Inverse-variance weighting (DerSimonian & Laird 1986, 12,000+ citations) — the standard meta-analysis framework. Markets with more volume have lower price-discovery variance, so they get proportionally more weight. This is how medical researchers have combined studies of 20 patients with studies of 20,000 since the 1980s.
Shrinkage toward equal weights (Liu et al. 2024; Smith & Wallis 2009) — with only 4–6 platforms, estimated weights are noisy. Blending with equal weights (λ = 0.5) reduces mean squared error of the aggregate. This addresses the “forecast combination puzzle” while still allowing volume to matter.

Strengths: Higher-volume markets get more influence (a $3M Polymarket market outweighs a $6K Gemini market). Operates in log-odds space (preserves tail probabilities). Shrinkage protects against overfitting with small N. Gracefully degrades to Model B when no volume data is available.

Weaknesses: Assumes variance is inversely proportional to volume, which is approximate. The shrinkage parameter λ = 0.5 is a starting point; optimal λ requires calibration on resolved data.

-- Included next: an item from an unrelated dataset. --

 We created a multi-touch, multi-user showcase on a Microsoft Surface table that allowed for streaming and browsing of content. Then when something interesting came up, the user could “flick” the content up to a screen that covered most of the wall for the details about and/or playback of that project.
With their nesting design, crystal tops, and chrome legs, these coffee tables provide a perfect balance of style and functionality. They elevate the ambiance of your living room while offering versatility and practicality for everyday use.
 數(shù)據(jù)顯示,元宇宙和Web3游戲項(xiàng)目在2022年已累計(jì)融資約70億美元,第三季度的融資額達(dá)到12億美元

DerSimonian, R., & Laird, N. (1986). “Meta-analysis in clinical trials.” Controlled Clinical Trials, 7(3), 177–188. doi:10.1016/0197-2456(86)90046-2

Liu, L., Hao, X., & Wang, Y. (2024). “Solving the forecast combination puzzle using double shrinkages.” Oxford Bulletin of Economics and Statistics. doi:10.1111/obes.12590

Arieli, I., Babichenko, Y., & Smorodinsky, R. (2018). “Robust forecast aggregation.” Proceedings of the National Academy of Sciences, 115(52), E12135–E12143. doi:10.1073/pnas.1813934115

Model B — Geometric Mean of Odds

What it does: Converts each platform’s probability to log-odds, takes the simple arithmetic mean of those log-odds, and converts back to a probability. Equal weight across all platforms.

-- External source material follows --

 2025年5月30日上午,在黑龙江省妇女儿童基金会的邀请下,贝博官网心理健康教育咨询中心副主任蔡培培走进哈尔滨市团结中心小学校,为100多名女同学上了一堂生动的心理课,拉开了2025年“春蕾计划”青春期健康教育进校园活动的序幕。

Formula: consensus = sigmoid( mean( logit(p_i) ) )

Role: Fallback model when volume/forecaster data is unavailable. Also serves as the equal-weight reference against which Model A’s volume-weighting can be compared. In the IARPA ACE forecasting tournament, logit pooling consistently outperformed linear averaging, especially at the tails.

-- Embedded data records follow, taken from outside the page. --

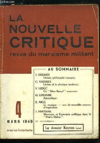 La nouvelle critique n� 4 - Lenine, philosophe nouveau par Jean Desanti, Lenine et la physique moderne par G�rard Vassails, Autocritique : contribution a l'effort d'�claircissement id�ologique par Henri Lefebvre, Un Mein Kampf americain par Victor Leduc
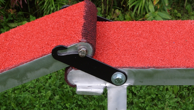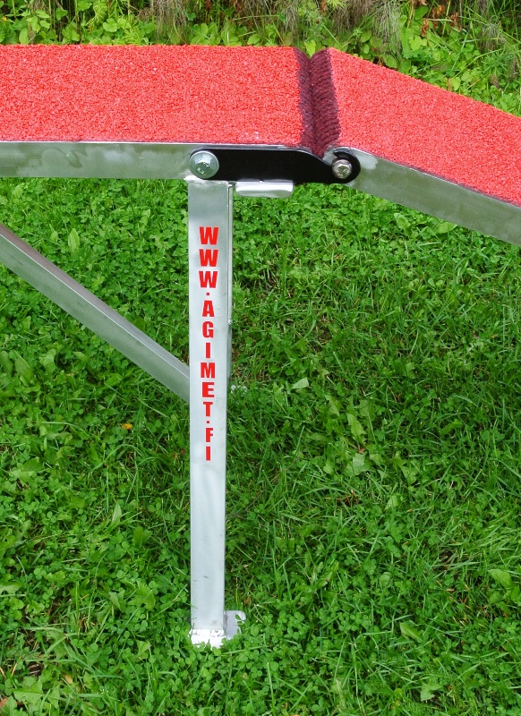 This obstacle features Agimet super safe quick-lock ramp fasteners that make sure the ramps are attached tight with a minimal gap even if the ground isn't completely flat. Quick-lock ramps are also fast and easy to attach and release also when operated by one user.
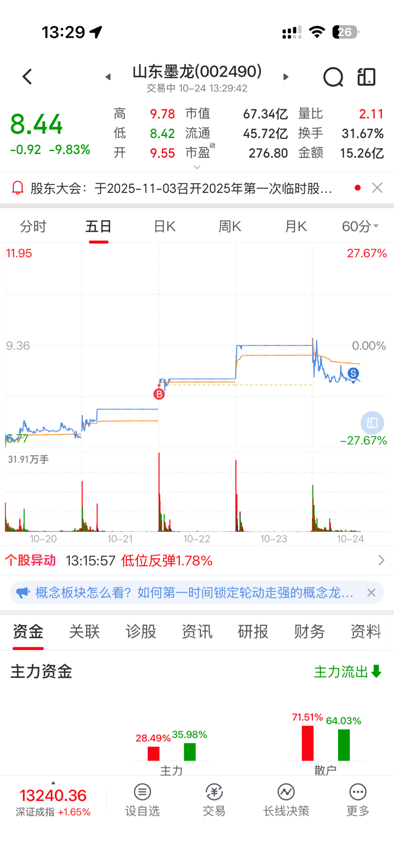 $山东墨龙(SZ002490)$ 山东墨龙一日游,前天买,今天买,啥也没赚
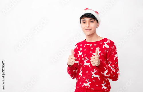 © Paul, Fototapeta premium Joven Hombre caucasico con los pulgares arriba vestido con ropa navideña en un fondo blanco aislado

Strengths: Strongest empirical validation for equal-weight aggregation. Handles extreme probabilities without over-shrinking. Satisfies External Bayesianity (Genest 1984). Symmetric in p and 1−p.

Weaknesses: Equal weighting ignores volume/liquidity differences between platforms. Sensitive to outliers if one platform is far from the others.

Satopää, V. A., Baron, J., Foster, D. P., Mellers, B. A., Tetlock, P. E., & Ungar, L. H. (2014). "Combining multiple probability predictions using a simple logit model." International Journal of Forecasting, 30(2), 344–356. doi:10.1016/j.ijforecast.2013.09.009

Baron, J., Mellers, B. A., Tetlock, P. E., Stone, E., & Ungar, L. H. (2014). "Two reasons to make aggregated probability forecasts more extreme." Decision Analysis, 11(2), 133–145. doi:10.1287/deca.2014.0293

Mellers, B., Stone, E., Murray, T., Minster, A., Rohrbaugh, N., Bishop, M., et al. (2015). "Identifying and cultivating superforecasters as a method of improving probabilistic predictions." Perspectives on Psychological Science, 10(3), 267–281. doi:10.1177/1745691615577794

Model C — Equal Weight Linear Average (diagnostic baseline)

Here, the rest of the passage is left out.